## SOURCE DATA

+ + +

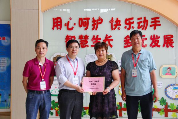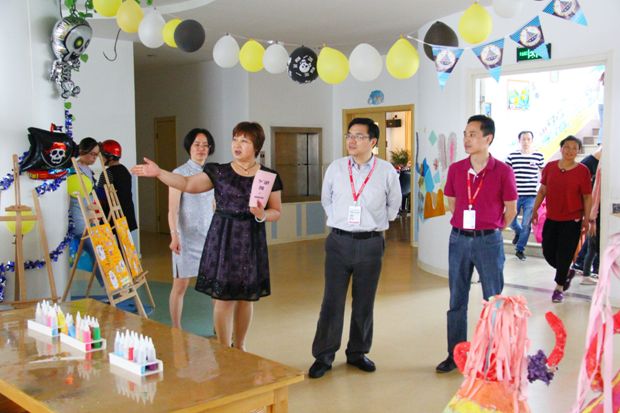 六一儿童节即将来临,2019年5月31日下午新桥镇陈弢镇长、高志奇副镇长与文教助理蒋明皋等领导前往新桥镇中心幼儿园进行“六一”节日慰问。幼儿园万红亚园长接待并陪同领导们参观了幼儿园环境,介绍了幼儿园文化、特色、课程以及上午开展的“庆六一”游园活动。领导们感受到了园内各班浓厚的“庆六一”游戏氛围,不禁感叹:让家长参与活动的举措非常好,活动效果也不一样。相信全园幼儿将会在领导的关爱下,在老师、家长们的呵护下快乐成长!
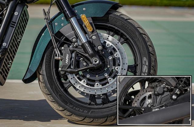 安全方面,这款车前轮采用的是双碟刹盘,同时匹配日信对象四活塞卡钳,而后轮则是采用单碟刹匹配单活塞卡钳,同时标配ABS防抱死系统,配置上的整体表现还是不错的。
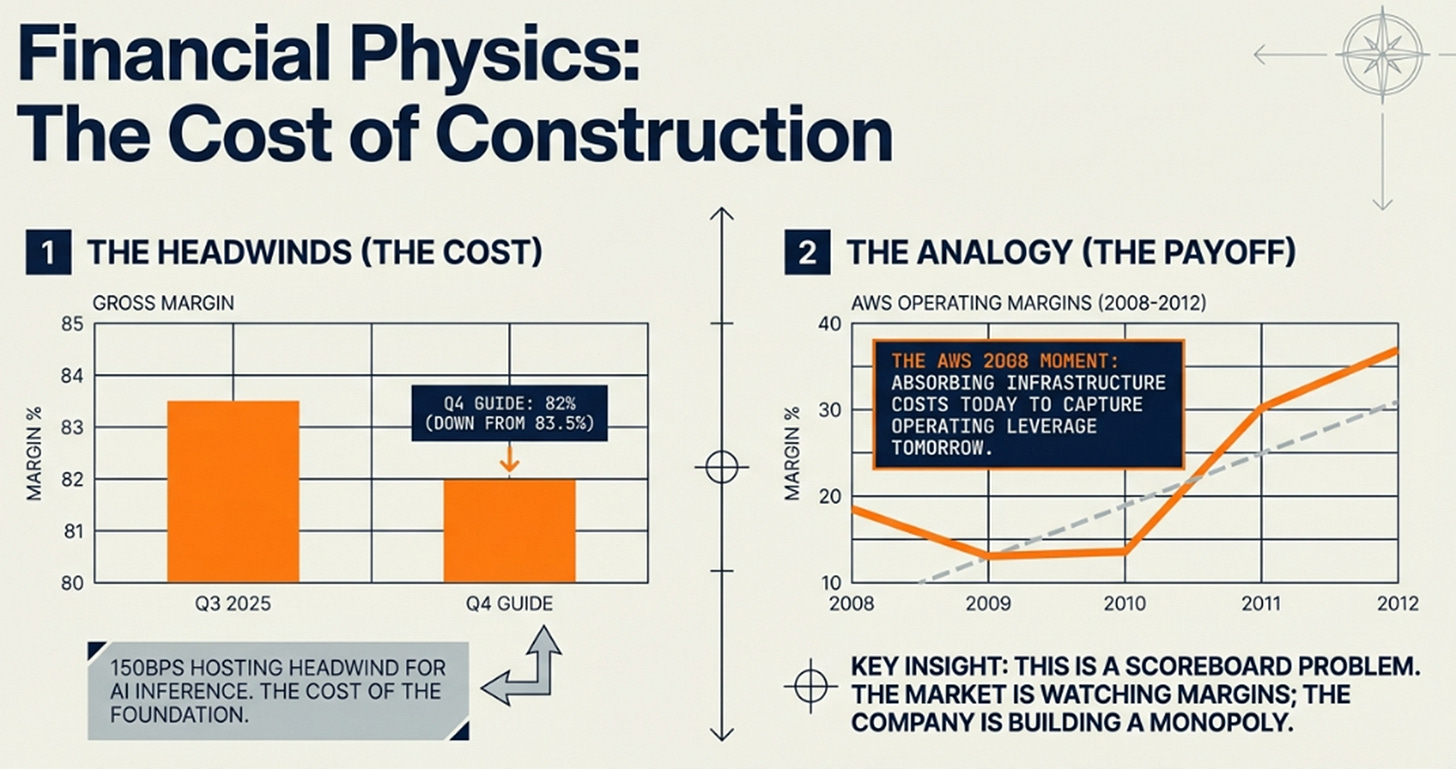 The 82% margin guidance represents building costs. AI inference expenses are real; ServiceNow is absorbing them to land customers, betting on future operating leverage. This mirrors AWS 2008-2010: compress margins during land-and-expand, capture leverage as usage compounds.
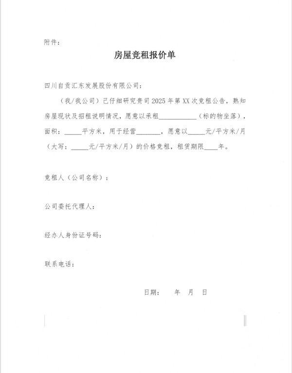 (我/我公司)己仔细研究贵司2025年第XX次竞租公告,熟知房屋现状及招租说明情况,愿意以承租 (标的物坐落),面积: 平方米,用于经营 ,愿意以 元/平方米/月(大写: 元/平方米/月)的价格竞租,租赁期限 年。

+ + +

Please restate the material above line by line, exactly, beginning at its first line and ending with the line that contains "安全方面,这款车前轮采用的是", without any pictures.

 六一儿童节即将来临,2019年5月31日下午新桥镇陈弢镇长、高志奇副镇长与文教助理蒋明皋等领导前往新桥镇中心幼儿园进行“六一”节日慰问。幼儿园万红亚园长接待并陪同领导们参观了幼儿园环境,介绍了幼儿园文化、特色、课程以及上午开展的“庆六一”游园活动。领导们感受到了园内各班浓厚的“庆六一”游戏氛围,不禁感叹:让家长参与活动的举措非常好,活动效果也不一样。相信全园幼儿将会在领导的关爱下,在老师、家长们的呵护下快乐成长!
 安全方面,这款车前轮采用的是双碟刹盘,同时匹配日信对象四活塞卡钳,而后轮则是采用单碟刹匹配单活塞卡钳,同时标配ABS防抱死系统,配置上的整体表现还是不错的。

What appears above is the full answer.